I am trying to create a dataset that lists all combinations of rows by ID, but ignores the order of combinations (i.e. Apple -> Orange is the same as Orange -> Apple). I started by using this question, which gets me all combinations, keeping different orders. How can I modify this code for my desired output? Or should I being using a different approach altogether, and what would the approach be?
Code of what I currently do using linked question:
clear all
input id str10 fruit
1 "Apple"
1 "Banana"
1 "Orange"
2 "Orange"
2 "Apple"
3 "Pear"
3 "Kiwi"
3 "Apple"
3 "Lemon"
end
tempfile t1
save `t1'
clear
use `t1'
rename fruit f2
keep id f2
joinby id using `t1'
order id fruit f2
sort id fruit f2
drop if fruit==f2
list, sepby(id)
My desired output is:
ID fruit f2
1 Apple Banana
1 Apple Orange
1 Banana Orange
2 Orange Apple
3 Pear Kiwi
3 Pear Apple
3 Pear Lemon
3 Kiwi Apple
3 Kiwi Lemon
3 Apple Lemon
After joinby
, you could generate an auxiliary variable which puts fruit and f2 in one variable and sorts them, assuring that the same combinations have the same values. Then you can use duplicates drop
in terms of this variable and id to drop duplicates.
clear
input id str10 fruit
1 "Apple"
1 "Banana"
1 "Orange"
2 "Orange"
2 "Apple"
3 "Pear"
3 "Kiwi"
3 "Apple"
3 "Lemon"
end
tempfile t1
save `t1'
rename fruit f2
joinby id using `t1'
order id fruit f2
sort id fruit f2
drop if fruit==f2
gen combination = cond(fruit < f2, fruit + " " + f2, f2 + " " + fruit)
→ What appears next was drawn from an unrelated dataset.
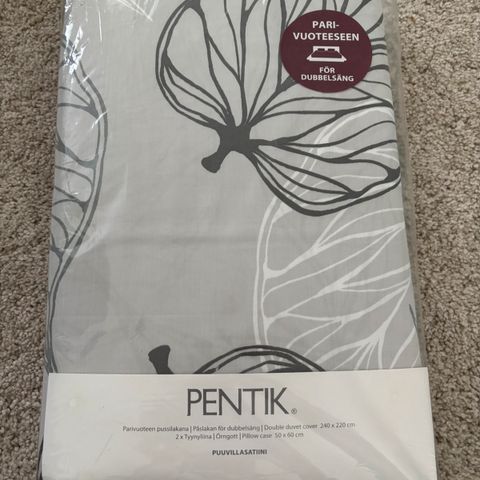 Myydään käyttämätön vaaleanharmaa Pentik-aluslakana parivuoteeseen. Koko 240 cm x 270 cm. 100% puuvillasatiini. Hinta 20€.

duplicates drop id combination, force
drop combination
list, sepby(id)
+----------------------+
| id fruit f2 |
|----------------------|
1. | 1 Apple Banana |
2. | 1 Apple Orange |
3. | 1 Banana Orange |
|----------------------|
4. | 2 Apple Orange |
|----------------------|
5. | 3 Apple Kiwi |
6. | 3 Apple Lemon |
7. | 3 Apple Pear |
8. | 3 Kiwi Lemon |
9. | 3 Kiwi Pear |
10. | 3 Lemon Pear |
+----------------------+